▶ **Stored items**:
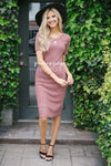 The Gwen is the perfect way to make you feel beautiful this spring! This soft rose mauve dress features a perfect pencil fit, quarter sleeves and a gorgeous textured look with a straight hem!
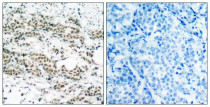 Immunohistochemistry: Paraffin-embedded Human breast carcinoma tissue stained with ARG51637 anti-FOXO4 phospho (Ser197) antibody (left) or the same antibody preincubated with blocking peptide (right).
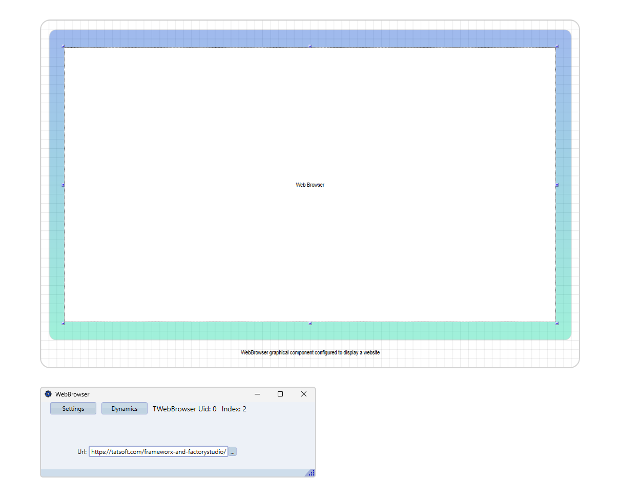 During runtime, the WebBrowser component displays an embedded browser, enabling seamless navigation and interaction using the specified URL.
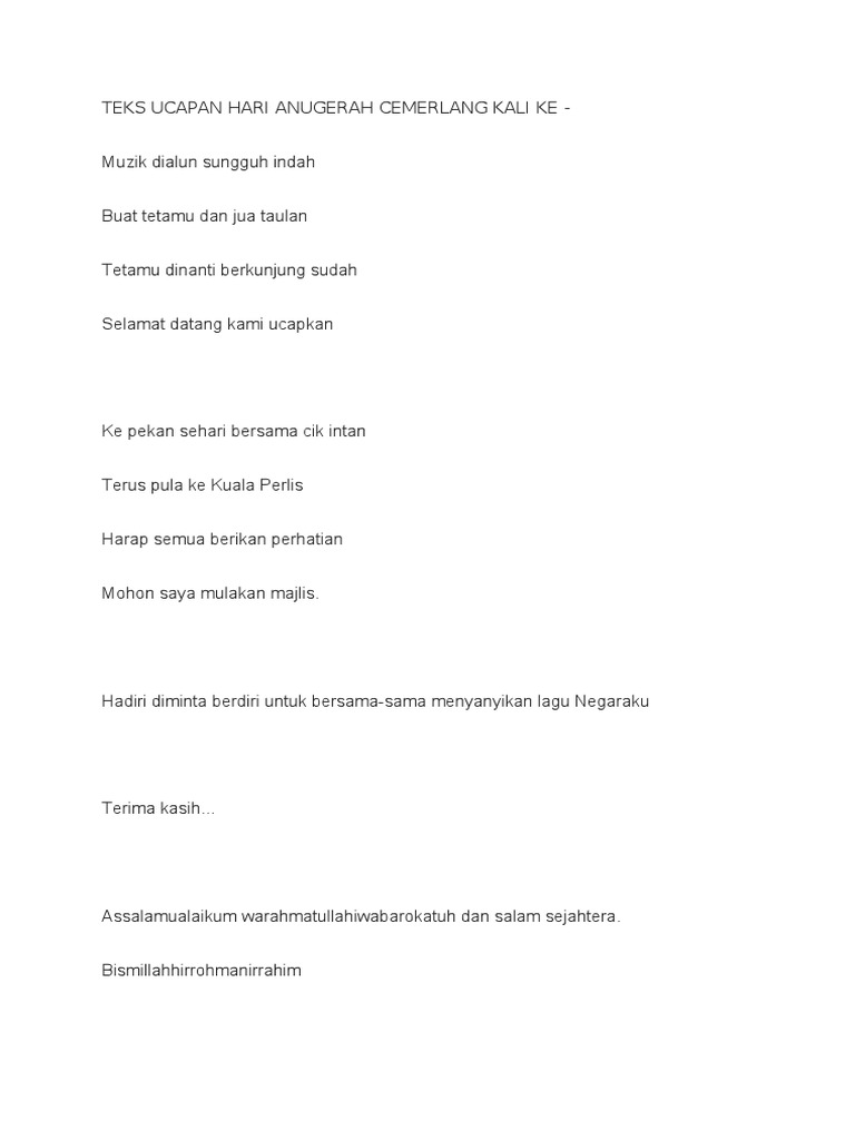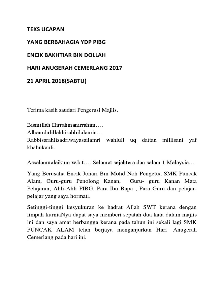 Teks pengacara majlis anugerah kecemerlangan smk kampong jawa. Download as doc, pdf, txt or read online from scribd. Teks ucapan perasmian hari anugerah kecemerlangan. Anugerah di mulakan dengan anugerah kepimpinan cemerlang. Draf ucapan perasmian majlis anugerah cemerlang dan mesyuarat agung pibg smk cheras jaya tahun 2009.
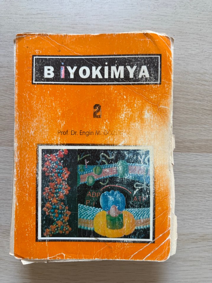 Prof. Dr. Engin M. Özüt'ün biyokimya konularını detaylı görsellerle anlattığı "Biyokimya" kitabı, sık kullanılmış yıpranmış kapaklıdır.
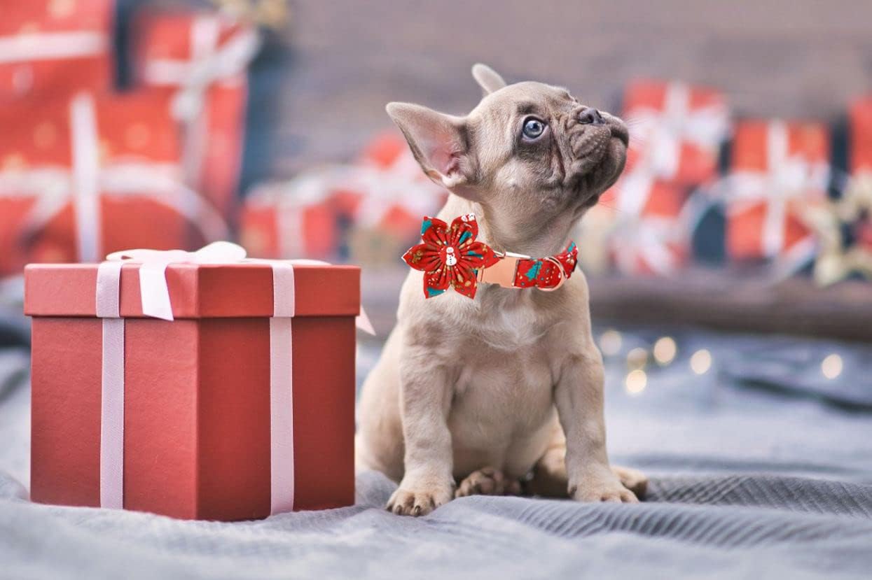 Lionet Paws Christmas Dog Collar with Flower, Dog Flower Collar with Metal Buckle for Dogs and Cats, Adjustable Comfortable Dog Collar Girl Gift, S, Neck 10-16 in

▶ **WORK TASK**:
Reproduce the span beginning at the line with "During runtime, the" and ending at the last line of the entries above, inclusive, exactly as it stands. Exclude the pictures.

▶ **EXERCISE RESPONSE**:
 During runtime, the WebBrowser component displays an embedded browser, enabling seamless navigation and interaction using the specified URL.
 Teks pengacara majlis anugerah kecemerlangan smk kampong jawa. Download as doc, pdf, txt or read online from scribd. Teks ucapan perasmian hari anugerah kecemerlangan. Anugerah di mulakan dengan anugerah kepimpinan cemerlang. Draf ucapan perasmian majlis anugerah cemerlang dan mesyuarat agung pibg smk cheras jaya tahun 2009.
 Prof. Dr. Engin M. Özüt'ün biyokimya konularını detaylı görsellerle anlattığı "Biyokimya" kitabı, sık kullanılmış yıpranmış kapaklıdır.
 Lionet Paws Christmas Dog Collar with Flower, Dog Flower Collar with Metal Buckle for Dogs and Cats, Adjustable Comfortable Dog Collar Girl Gift, S, Neck 10-16 in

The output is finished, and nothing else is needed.